Moving · Startup

Examples of startups that failed due to moving slowly?

Kashif Jehangir Assistant Manager Administration at Private Company

January 22nd, 2017

Conventional startup advice is to 'move fast' and 'pump out features.' Are there any startups that created a great new thing that was growing and then failed because they were improving too slowly?

How slow is too slow?

Irwin Stein Very experienced (40 years) corporate,securities and real estate attorney.

January 22nd, 2017

If you believe that you should "move fast" you are probably gong to fail. Bring your product to market when you have something of value to offer customers and when you can make a profit by selling it.

Todor Velev Managing Partner, EEI Network

January 23rd, 2017

The question is what is fast and what is slow. Compared to what? Normally a product introduction has a market addoption curve (testing, addoption, mass usage). It is difficult to move faster than the market can addopt your product (people try to find a way for viral marketing or for network effect in order to speed-up the product introduction), but it is not easy. Fast growth can kill you if you overpromise and do not deliver (due to lack of investment in working capital or in support staff, whatever your economics is). Slow growth can make you lose opportunities and provide space for the competitors to leverage on your initial investment in product introduction. The "move fast" advice is on developing and adjusting your value proposition, not that much on growing your company. You need trained staff, infrastructure, systems in place, etc., in order to support the growth. It is about management, cost and risk control, etc. You need to accumulate all these factors (and understand your market) before you start growing (fast or slow). It is more about building a solid business, not that much about the speed with which you do it. If you think the speed is your key competitive factor, then you are on the wrong path and you have no competitive advantage.

Thomas Sutrina Inventor at Retired Pursue Personal interrests and family

January 22nd, 2017

Pump out features is a software and electronic consumer goods. The result is a higher price. That may serve some groups of customers, but other customers do not want to pay for the bling. These customers have a choice of opening their pockets or closing their pockets and continue using the old product or do without. They do it because the can charge a large mark up for bling. But as price goes up sale volume goes down. So profits may actually be lower.

I have worked as a very new product development engineer for aerospace fortune 500, then a product design firm with a large variety of customers, and a fortune 500 consumer product OEM. Thirty years of experience has taught me that 'moving fast' is usually a disaster. Even with deep pockets and lots of experts moving fast still does not work even close to the schedule if at all. In a startup that I also experienced, the money and experts people are missing. Moving fast from my one experience was still a disaster.

I have concluded that the schedule was made by a manager that did not understand what was important and which important information was missing. Thus those following the schedule were told not to worry or they told themselves not to worry and drove right past to keep moving fast.

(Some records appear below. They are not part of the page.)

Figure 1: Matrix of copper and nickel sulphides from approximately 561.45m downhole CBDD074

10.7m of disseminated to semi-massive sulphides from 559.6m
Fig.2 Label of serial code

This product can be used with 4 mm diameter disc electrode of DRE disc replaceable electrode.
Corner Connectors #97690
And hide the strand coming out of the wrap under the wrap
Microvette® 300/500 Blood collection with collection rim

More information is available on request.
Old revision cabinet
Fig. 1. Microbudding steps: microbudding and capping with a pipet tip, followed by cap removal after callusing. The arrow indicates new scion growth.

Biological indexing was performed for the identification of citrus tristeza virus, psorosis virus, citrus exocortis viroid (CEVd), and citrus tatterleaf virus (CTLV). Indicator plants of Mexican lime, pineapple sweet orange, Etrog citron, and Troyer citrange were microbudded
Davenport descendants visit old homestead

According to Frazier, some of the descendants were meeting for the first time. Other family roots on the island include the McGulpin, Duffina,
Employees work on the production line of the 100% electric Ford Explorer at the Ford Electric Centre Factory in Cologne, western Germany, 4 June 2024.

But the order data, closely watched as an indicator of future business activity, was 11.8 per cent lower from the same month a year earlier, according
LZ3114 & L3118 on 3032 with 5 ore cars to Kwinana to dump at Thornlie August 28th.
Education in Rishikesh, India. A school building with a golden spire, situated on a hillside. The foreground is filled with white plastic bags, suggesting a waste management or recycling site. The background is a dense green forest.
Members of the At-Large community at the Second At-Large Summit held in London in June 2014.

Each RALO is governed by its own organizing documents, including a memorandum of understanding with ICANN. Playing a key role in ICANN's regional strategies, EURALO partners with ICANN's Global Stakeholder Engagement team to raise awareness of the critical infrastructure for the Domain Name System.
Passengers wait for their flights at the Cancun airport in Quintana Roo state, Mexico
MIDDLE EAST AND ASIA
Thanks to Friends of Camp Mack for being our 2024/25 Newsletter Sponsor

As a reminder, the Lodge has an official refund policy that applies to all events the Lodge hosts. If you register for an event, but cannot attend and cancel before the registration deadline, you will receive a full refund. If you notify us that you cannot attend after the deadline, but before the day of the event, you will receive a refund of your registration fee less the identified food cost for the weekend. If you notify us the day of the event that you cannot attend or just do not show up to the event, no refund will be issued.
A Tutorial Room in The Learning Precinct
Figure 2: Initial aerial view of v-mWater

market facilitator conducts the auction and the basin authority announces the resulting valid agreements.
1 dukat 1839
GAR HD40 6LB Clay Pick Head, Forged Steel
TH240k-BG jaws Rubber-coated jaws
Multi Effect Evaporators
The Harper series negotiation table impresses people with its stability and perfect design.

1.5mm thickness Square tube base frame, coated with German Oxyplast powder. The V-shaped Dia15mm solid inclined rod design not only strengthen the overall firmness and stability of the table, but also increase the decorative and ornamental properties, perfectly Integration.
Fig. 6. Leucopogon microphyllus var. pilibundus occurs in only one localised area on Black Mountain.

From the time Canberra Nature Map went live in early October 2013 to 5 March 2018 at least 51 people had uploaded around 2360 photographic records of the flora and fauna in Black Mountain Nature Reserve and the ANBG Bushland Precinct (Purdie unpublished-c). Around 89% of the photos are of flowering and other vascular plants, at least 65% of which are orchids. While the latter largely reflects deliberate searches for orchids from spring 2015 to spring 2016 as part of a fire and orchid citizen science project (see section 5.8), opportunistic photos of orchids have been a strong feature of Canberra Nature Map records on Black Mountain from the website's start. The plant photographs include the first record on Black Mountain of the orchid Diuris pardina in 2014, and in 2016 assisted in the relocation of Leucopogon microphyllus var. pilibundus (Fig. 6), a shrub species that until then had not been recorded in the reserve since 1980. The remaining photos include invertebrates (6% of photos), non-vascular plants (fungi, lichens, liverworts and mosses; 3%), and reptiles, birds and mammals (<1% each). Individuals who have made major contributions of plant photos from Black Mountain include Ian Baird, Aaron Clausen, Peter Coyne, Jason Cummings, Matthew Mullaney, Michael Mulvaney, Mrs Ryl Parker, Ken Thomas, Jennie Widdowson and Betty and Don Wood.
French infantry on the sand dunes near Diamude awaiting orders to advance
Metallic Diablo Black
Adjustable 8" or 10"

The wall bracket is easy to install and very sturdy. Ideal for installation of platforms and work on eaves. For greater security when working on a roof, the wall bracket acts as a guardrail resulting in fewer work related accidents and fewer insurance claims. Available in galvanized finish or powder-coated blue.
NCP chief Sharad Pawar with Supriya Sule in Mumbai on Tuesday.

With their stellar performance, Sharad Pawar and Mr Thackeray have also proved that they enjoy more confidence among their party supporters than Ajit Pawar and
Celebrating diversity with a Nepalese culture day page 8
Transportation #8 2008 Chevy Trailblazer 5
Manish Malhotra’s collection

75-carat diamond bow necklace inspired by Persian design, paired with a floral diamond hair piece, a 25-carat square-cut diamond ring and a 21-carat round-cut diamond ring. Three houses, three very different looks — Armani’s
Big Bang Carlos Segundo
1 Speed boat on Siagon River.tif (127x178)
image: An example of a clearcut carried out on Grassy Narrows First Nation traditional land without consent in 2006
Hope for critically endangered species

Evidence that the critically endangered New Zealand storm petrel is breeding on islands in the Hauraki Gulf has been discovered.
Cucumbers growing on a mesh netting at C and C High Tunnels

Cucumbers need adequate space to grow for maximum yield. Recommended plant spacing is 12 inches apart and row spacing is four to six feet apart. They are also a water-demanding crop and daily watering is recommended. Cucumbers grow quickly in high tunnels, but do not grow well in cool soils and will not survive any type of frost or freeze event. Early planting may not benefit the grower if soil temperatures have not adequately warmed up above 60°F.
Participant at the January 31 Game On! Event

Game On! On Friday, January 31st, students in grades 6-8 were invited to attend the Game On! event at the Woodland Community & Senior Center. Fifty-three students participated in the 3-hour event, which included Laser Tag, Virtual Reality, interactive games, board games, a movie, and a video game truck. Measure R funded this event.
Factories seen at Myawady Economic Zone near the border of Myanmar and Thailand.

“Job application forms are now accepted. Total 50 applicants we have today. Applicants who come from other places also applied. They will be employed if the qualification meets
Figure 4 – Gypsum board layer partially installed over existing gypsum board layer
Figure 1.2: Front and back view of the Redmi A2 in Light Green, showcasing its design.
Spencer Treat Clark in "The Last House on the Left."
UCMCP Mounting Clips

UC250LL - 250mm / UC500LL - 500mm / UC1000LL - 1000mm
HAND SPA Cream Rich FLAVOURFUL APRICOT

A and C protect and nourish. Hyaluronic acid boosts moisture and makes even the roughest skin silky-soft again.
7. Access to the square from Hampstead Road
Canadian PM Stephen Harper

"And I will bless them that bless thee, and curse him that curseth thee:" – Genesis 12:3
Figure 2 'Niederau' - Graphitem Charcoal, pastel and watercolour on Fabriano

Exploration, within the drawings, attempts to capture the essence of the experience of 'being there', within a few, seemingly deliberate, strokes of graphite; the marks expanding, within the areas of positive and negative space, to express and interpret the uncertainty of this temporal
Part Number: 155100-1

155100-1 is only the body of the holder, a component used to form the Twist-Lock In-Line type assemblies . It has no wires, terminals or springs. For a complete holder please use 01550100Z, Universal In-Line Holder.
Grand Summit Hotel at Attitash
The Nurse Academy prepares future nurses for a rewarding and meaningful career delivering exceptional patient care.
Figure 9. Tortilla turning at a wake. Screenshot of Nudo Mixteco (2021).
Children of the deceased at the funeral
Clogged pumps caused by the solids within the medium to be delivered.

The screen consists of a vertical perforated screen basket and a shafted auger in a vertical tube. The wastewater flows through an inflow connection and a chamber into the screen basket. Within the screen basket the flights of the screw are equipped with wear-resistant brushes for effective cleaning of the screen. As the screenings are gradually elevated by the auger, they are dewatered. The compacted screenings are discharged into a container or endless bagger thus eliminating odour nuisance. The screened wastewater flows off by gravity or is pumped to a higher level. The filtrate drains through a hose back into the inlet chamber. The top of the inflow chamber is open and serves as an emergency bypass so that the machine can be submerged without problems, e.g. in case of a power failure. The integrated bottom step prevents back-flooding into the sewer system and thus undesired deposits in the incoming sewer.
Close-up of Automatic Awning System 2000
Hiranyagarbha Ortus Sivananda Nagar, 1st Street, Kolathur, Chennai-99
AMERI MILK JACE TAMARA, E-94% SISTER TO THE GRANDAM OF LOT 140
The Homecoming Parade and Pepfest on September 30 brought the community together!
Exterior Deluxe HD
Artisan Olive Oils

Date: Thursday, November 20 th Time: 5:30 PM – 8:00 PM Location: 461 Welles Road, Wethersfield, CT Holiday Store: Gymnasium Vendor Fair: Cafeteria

Fortune 500 businesses have the deep pockets to go back when they hit a wall but a start up is finished.

Moving to slow occurs when the people working on the project really do not want to succeed. At least that is the conclusion I have come to for every case that I have witnessed of been involved in. Failure that may be considered due to slow motion is actually poor scheduling and insufficient capital. A to optimistic plan will always be moving slowly when it moves at the actual pace that solves the problems and issues.

Stephanie Wagner Founder at Agile Bloom, LLC

January 23rd, 2017

Well, time is money after all. I think "too slow" can happen if you're spending money faster than you can afford. If you budget wisely and run the startup cheaply then you can last a long time without "failing."

It also depends on the type of industry your startup is in. For example, game industry is very time sensitive and moves quickly, so you can definitely fail if you don't release your products quickly enough. For SaaS type of startups, time is not your enemy.

Clinton Boyda Fiery Entrepreneur looking for Growth Partner

January 22nd, 2017

I would argue the importance is value over speed.. you may need to test quickly to FIND the valuable feature your customers need. But if you are on the right track and growing towards building value for your customers then you are growing in the right direction!